Housing was a major theme of the 2001 mayoral election as candidates parried over the wisdom of a $100 million trust fund to spur development of affordable units. James Hahn signed on, and when he was elected he started cobbling together funds from various sources. The $100 million mark hasn’t been hit, for the simple reason that the money is being spent the way it should — on affordable housing.
The fund is a crucial part of any affordable development. It’s hard to get a loan for pre-development costs like negotiating entitlements when banks don’t know if you will be blocked by City Hall red tape or angry neighbors. It’s even harder for affordable projects, which have a much smaller profit margin and little wiggle room. The fund helps projects jump that first hurdle.
But affordable-housing projects are going up without mandatory inclusionary zoning, and Hahn is skeptical of IZ. "He opposes what’s currently on the table," Deputy Mayor Renata Simril said. "He is worried that it sends the wrong message to the development community."

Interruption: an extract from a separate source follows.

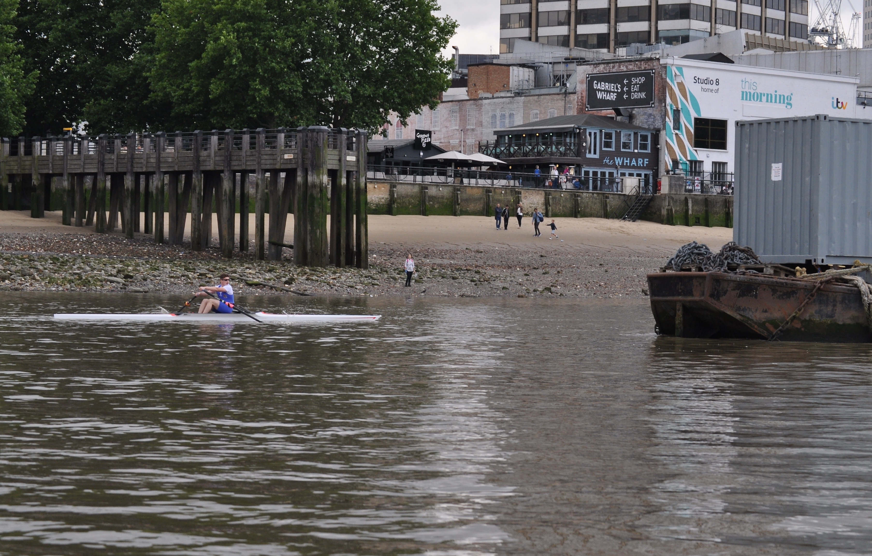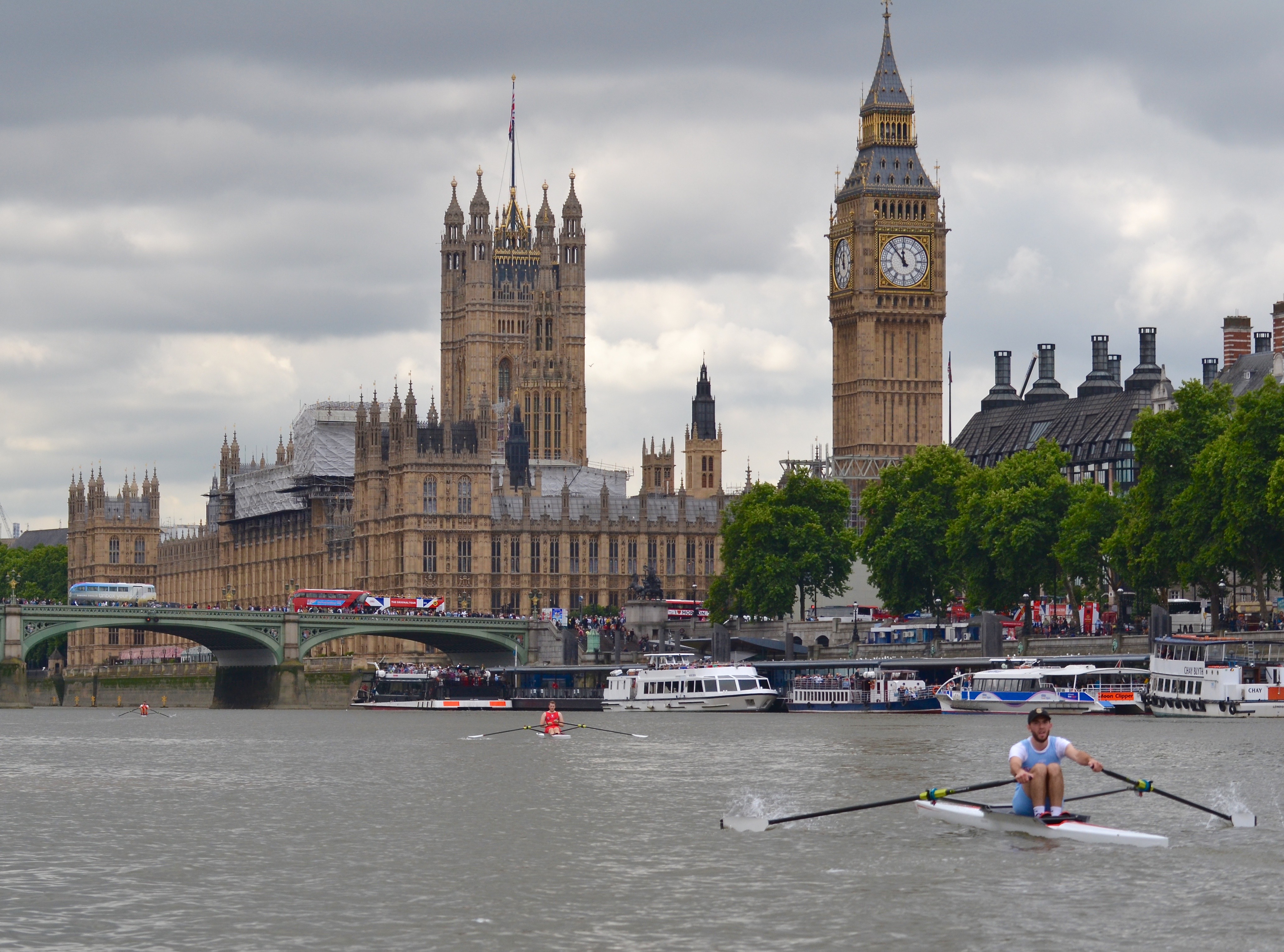 On reaching Lambeth Keech dropped his rate again, again cut the corners on the lethargic stream, but kept up a steady smooth stroke, economical and fluid. The umpire’s boat had passed Flynn by Waterloo Bridge, McCarthy after Vauxhall Bridge, and Anderson at Battersea Power Station, leaving Keech a solo coronation row to the finish line, followed only by the press and umpire’s launches along with the TV catamaran, as he sculled his way into the history books.

The mayor may have a point. Incentives (and soaring prices) have shaken up the housing market in L.A. In Hahn’s first year in office, the city issued permits for 5,635 new units. Last year it was 10,631. This year, Simril said, the city is on pace to give out 12,000. But of course, less than half of those will be offered below market rate.
As the March elections grow closer, Reyes and Garcetti have had trouble getting the crucial eighth vote for success in the City Council. But intense negotiations are under way, and scuttlebutt around City Hall is that the motion promised nearly two years ago may come to the floor before Thanksgiving.
Will it satisfy Bon Bon Hurd and ACORN? It can’t possibly. Not if it makes enough compromises to get the business lobby, and the council members it supports, onboard. It will be a start, though, and, perhaps most important, a product of an unprecedented civic conversation about the landscape of the future.